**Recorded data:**

---------------

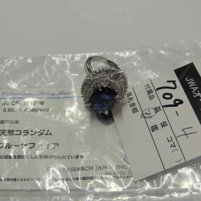 リング ブルーサファイア 加熱 Pt900 15.20g GRJソ 石目:S5.6 D1.47
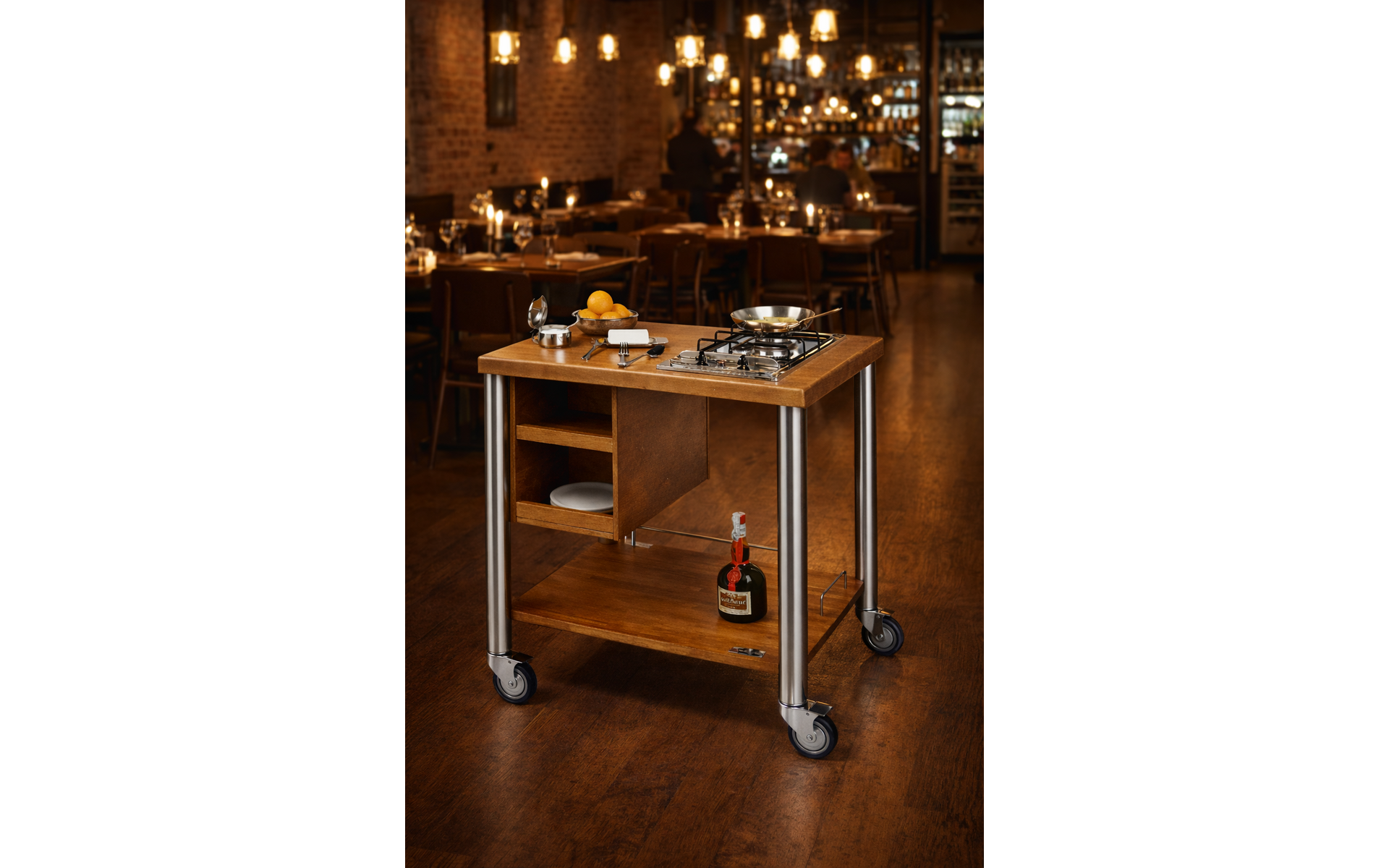 The trolley is equipped to allow on-board cooking, making it ideal for hotels, restaurants, catering, and buffet service. Its sturdy construction, generous work surface, and integrated storage ensure safe, practical, and efficient operation.
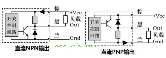 常用的接PNP或NPN型傳感器為三線制的居多(如下圖所示)棕色和藍(lán)色分別表示24V的正負(fù)極,黑色表示信號(hào)的輸出;從圖中可看出,NPN型在導(dǎo)通時(shí),黑色和藍(lán)色類似于連接在一起,輸出黑色線接PLC輸入點(diǎn)時(shí)為0V,所以信號(hào)輸出為低電平,也稱之為源型輸入(共陽(yáng)極輸入) 而對(duì)于PNP型來說導(dǎo)通時(shí),黑色和棕色類似于連接在一起,輸出黑色線接PLC輸入點(diǎn)時(shí)為24V,所以信號(hào)輸出為高電平,也稱之為漏型輸入(共陰極)
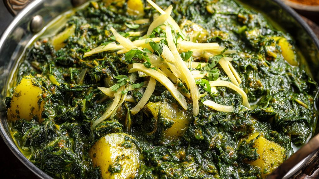 kartoffeln und Spinat mit Zwiebeln und Ingwer gebraten
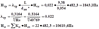 где: Нтр – потери на трение, Па; Нм – местные потери; lтр – коэффициент гидравлического сопротивления, формула Блазиуса – для турбулентного и переходного режимов движения продукта.
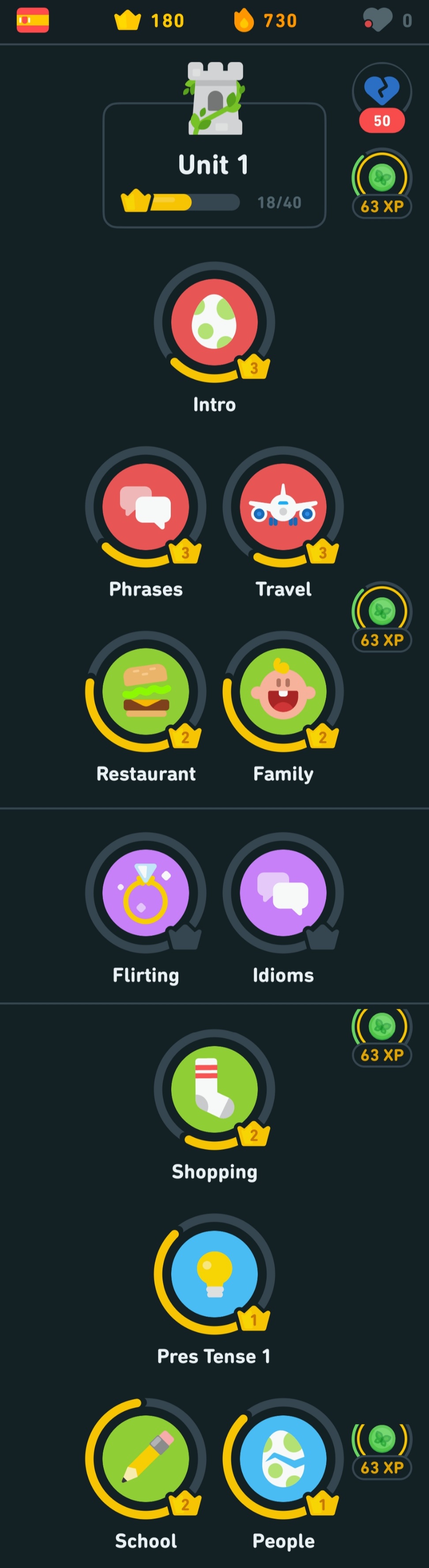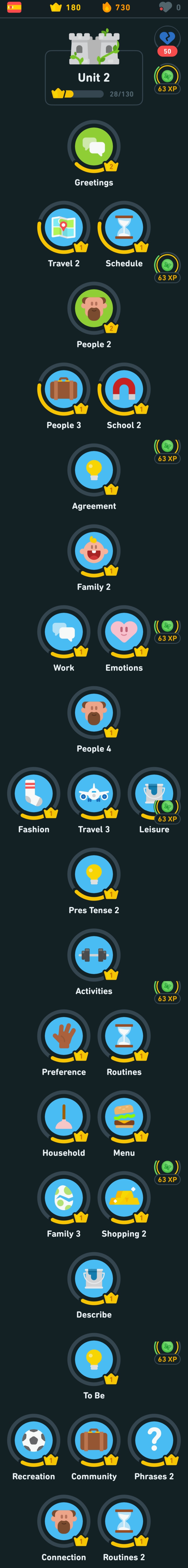 어떤 설명은 듀오링고보다 더 자세하니 SpainishDict도 병행하면 좋으실 듯싶습니다. 저것도 간간히 병행할 생각입니다. 설명은 SpainishDict가 더 괜찮은 거 같은데 과정이 너무 없는 편이에요.
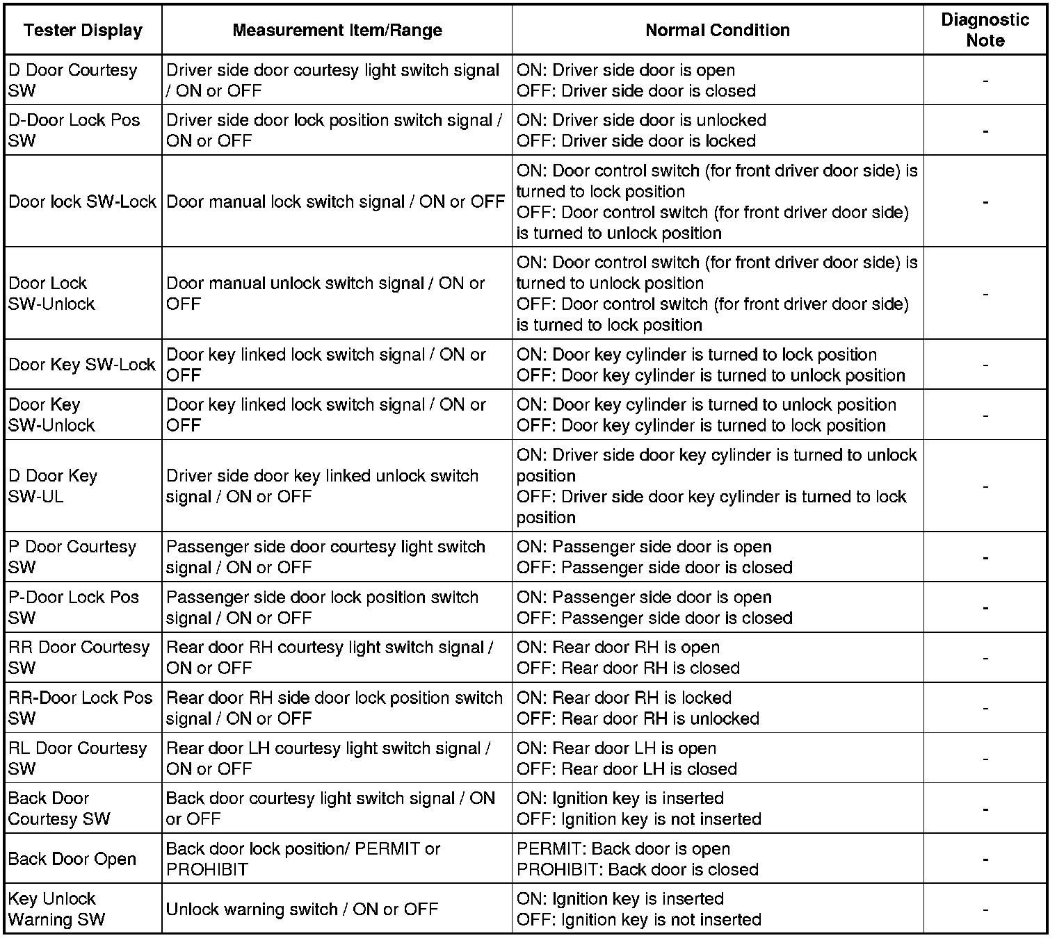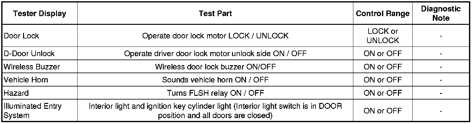 DOOR LOCK: WIRELESS DOOR LOCK CONTROL SYSTEM: DATA LIST / ACTIVE TEST
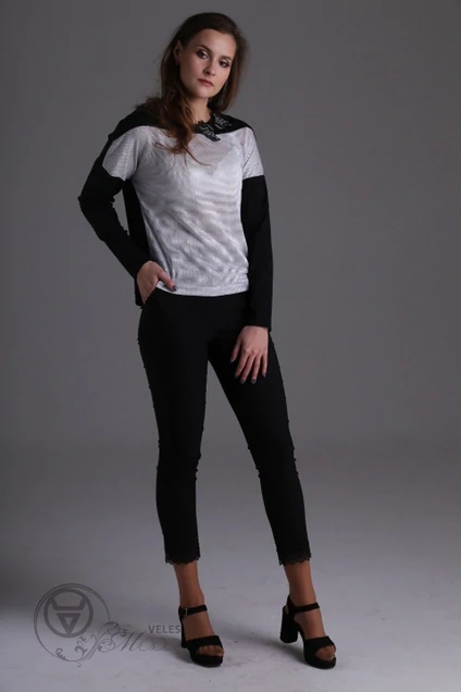 Брюки семь-восьмых с кружевом по низу. Уровень талии выше среднего. Длина 164-92см, 170-97см.
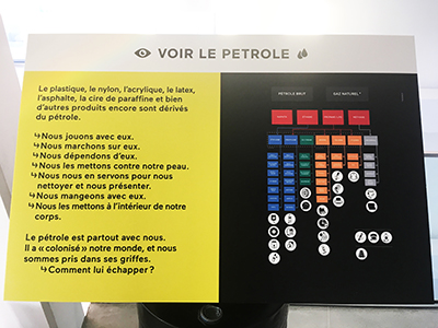 This was shown through a historical timeline of oil and Dunkirk port, a researched video, diagrams of the refining process as well as everyday objects consisted of oil that might surprise young visitors.
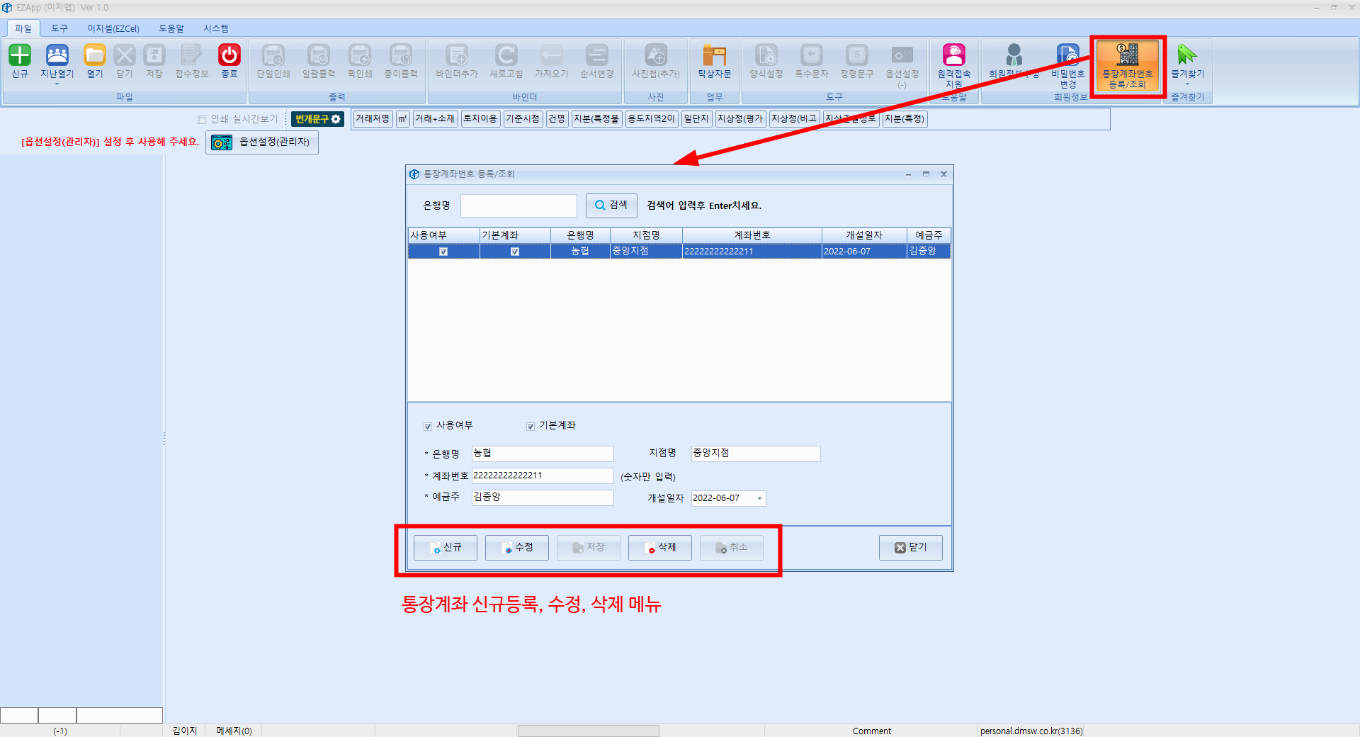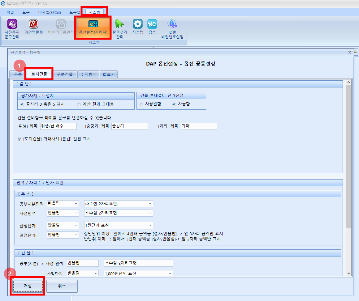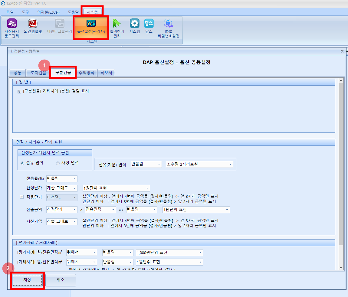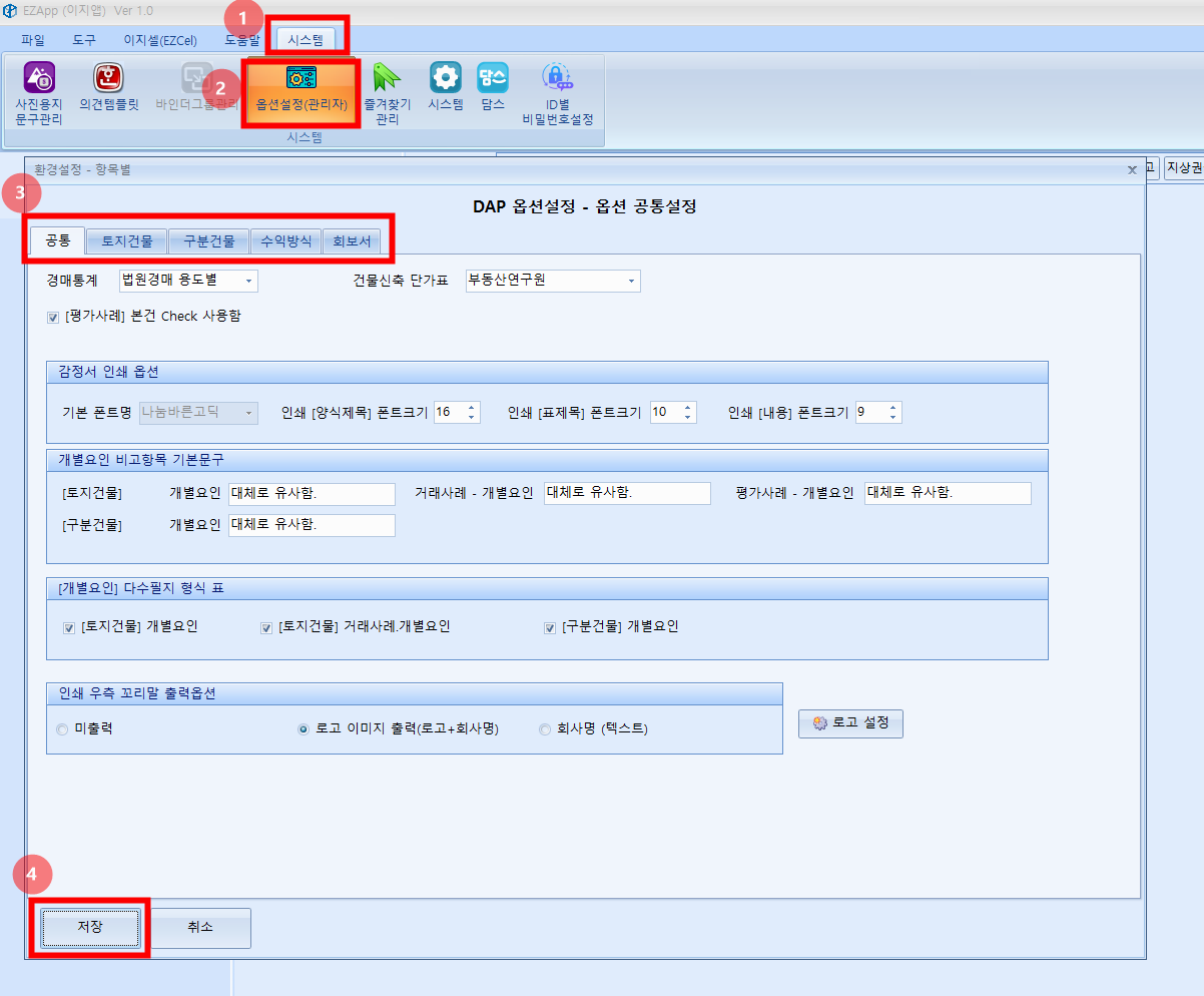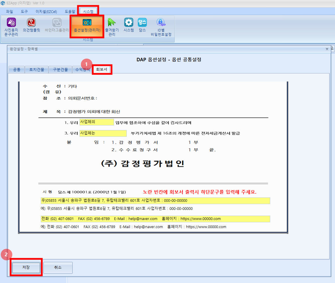 - 옵션설정(관리자)기본값 : 신규 감정서번호 작성시 적용되는 기본정보를 설정
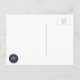 This postcard has a classic look with the colours red, white and blue with stripes and stars. In the centre of the circle there is a hamburger to represent a cookout party. This is great for the Fourth of July, Memorial Day, Labour Day or other patriotic events.
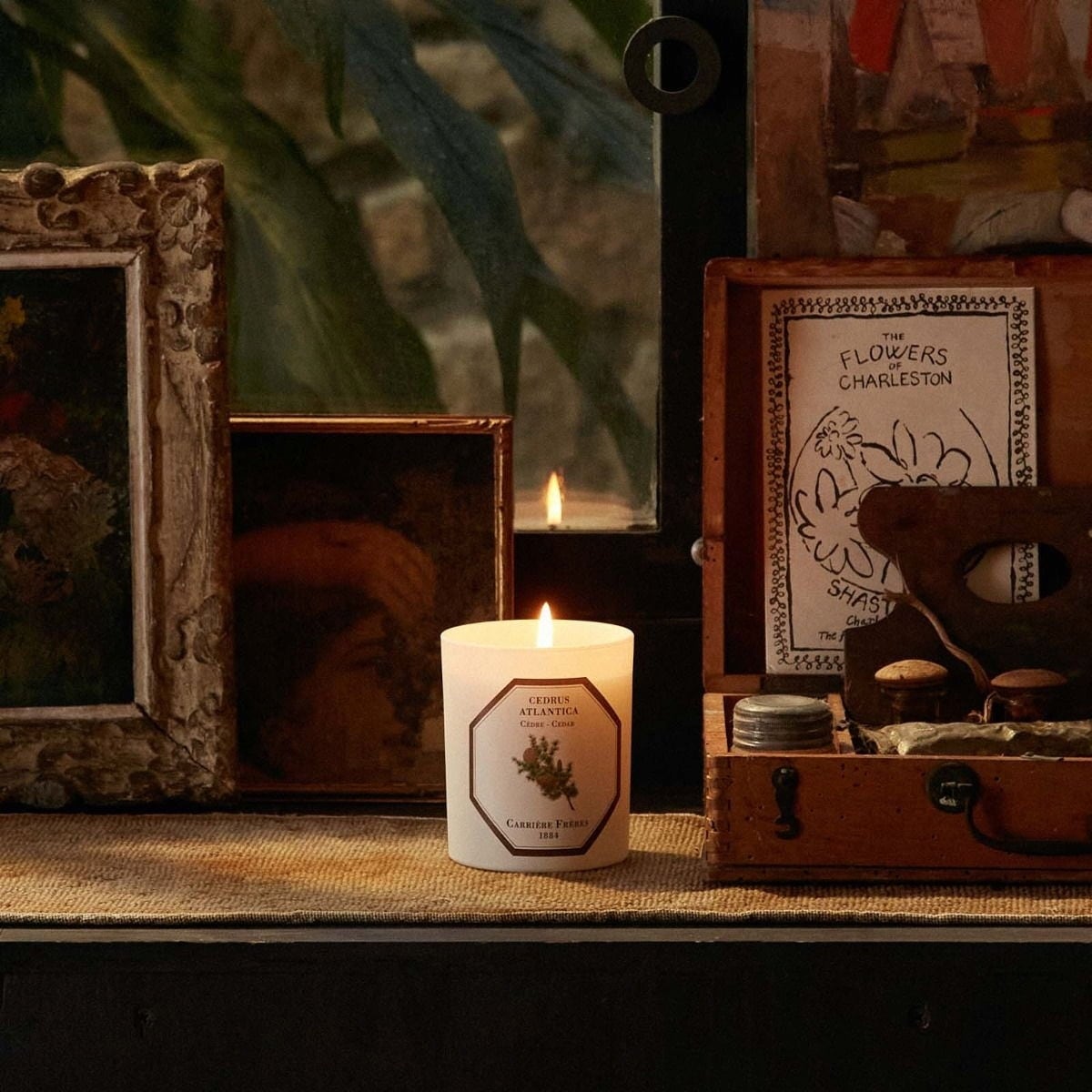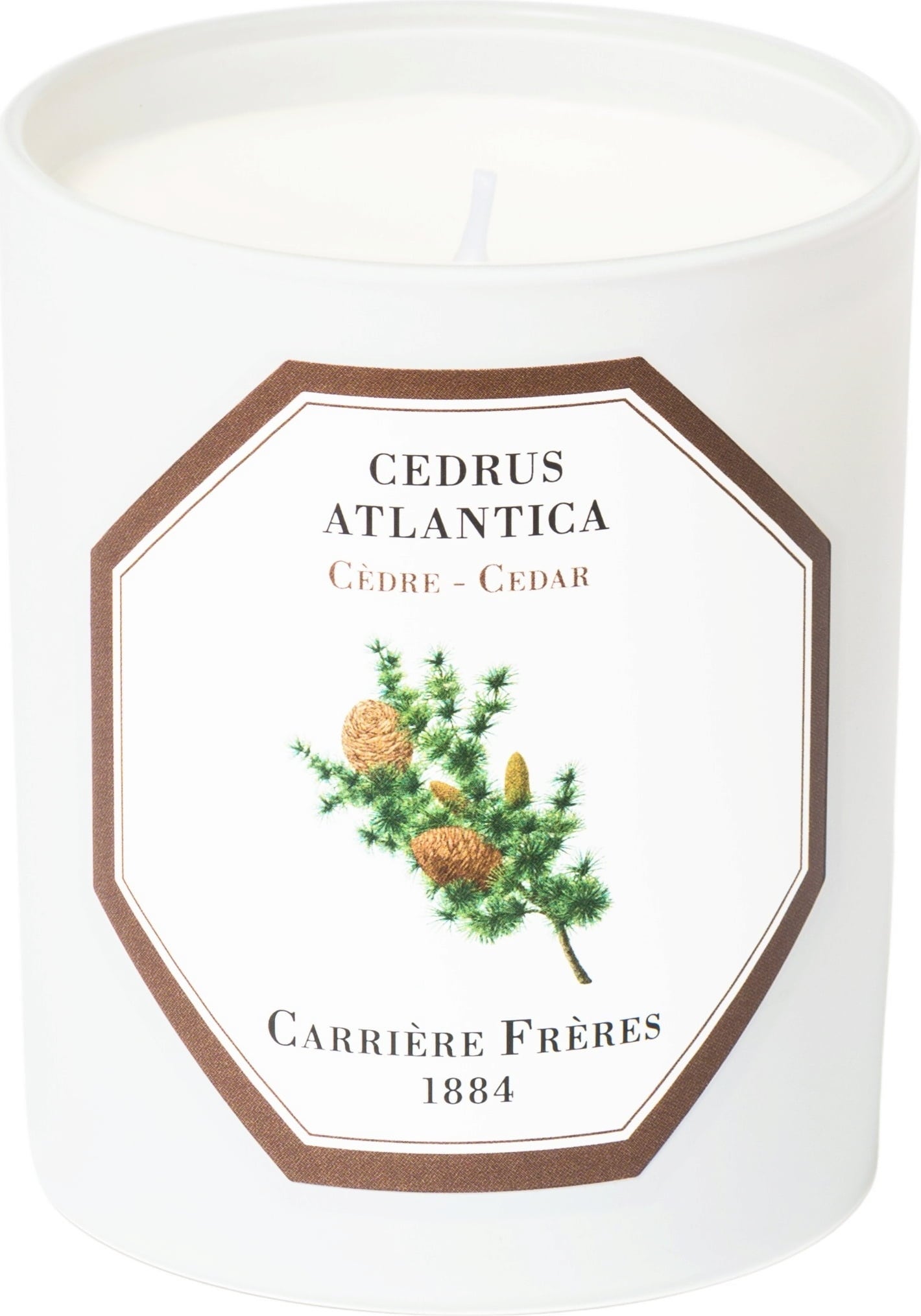 La Bougie Cèdre de Carrière Frères offre des notes boisées, sèches, enveloppantes et réconfortantes. Sa note de fond résineuse dévoile en outre une certaine fraîcheur. Le cèdre est un bois particulièrement prisé en parfumerie, il réchauffe et est assainissant. Le parfum dégage de la douceur et du calme, surtout lorsque tout ne va pas bien.
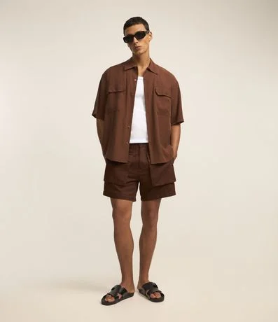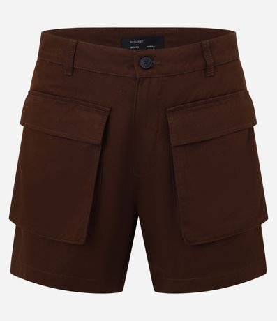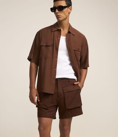 Ref: Bermuda masculina confeccionada em material mais sustentável, cós com passante, fechamento tradicional, bolsos cargo frontais.
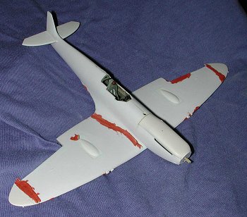 marks on the wings and fuselage were filled with my old standby 3M Acryl-Blue

---------------

Transcribe only the lines above that start at the line containing "The trolley is" and end at the line containing "Брюки семь-восьмых с". Omit pictures.

**Your response:**
 The trolley is equipped to allow on-board cooking, making it ideal for hotels, restaurants, catering, and buffet service. Its sturdy construction, generous work surface, and integrated storage ensure safe, practical, and efficient operation.
 常用的接PNP或NPN型傳感器為三線制的居多(如下圖所示)棕色和藍(lán)色分別表示24V的正負(fù)極,黑色表示信號(hào)的輸出;從圖中可看出,NPN型在導(dǎo)通時(shí),黑色和藍(lán)色類似于連接在一起,輸出黑色線接PLC輸入點(diǎn)時(shí)為0V,所以信號(hào)輸出為低電平,也稱之為源型輸入(共陽(yáng)極輸入) 而對(duì)于PNP型來說導(dǎo)通時(shí),黑色和棕色類似于連接在一起,輸出黑色線接PLC輸入點(diǎn)時(shí)為24V,所以信號(hào)輸出為高電平,也稱之為漏型輸入(共陰極)
 kartoffeln und Spinat mit Zwiebeln und Ingwer gebraten
 где: Нтр – потери на трение, Па; Нм – местные потери; lтр – коэффициент гидравлического сопротивления, формула Блазиуса – для турбулентного и переходного режимов движения продукта.
 어떤 설명은 듀오링고보다 더 자세하니 SpainishDict도 병행하면 좋으실 듯싶습니다. 저것도 간간히 병행할 생각입니다. 설명은 SpainishDict가 더 괜찮은 거 같은데 과정이 너무 없는 편이에요.
 DOOR LOCK: WIRELESS DOOR LOCK CONTROL SYSTEM: DATA LIST / ACTIVE TEST
 Брюки семь-восьмых с кружевом по низу. Уровень талии выше среднего. Длина 164-92см, 170-97см.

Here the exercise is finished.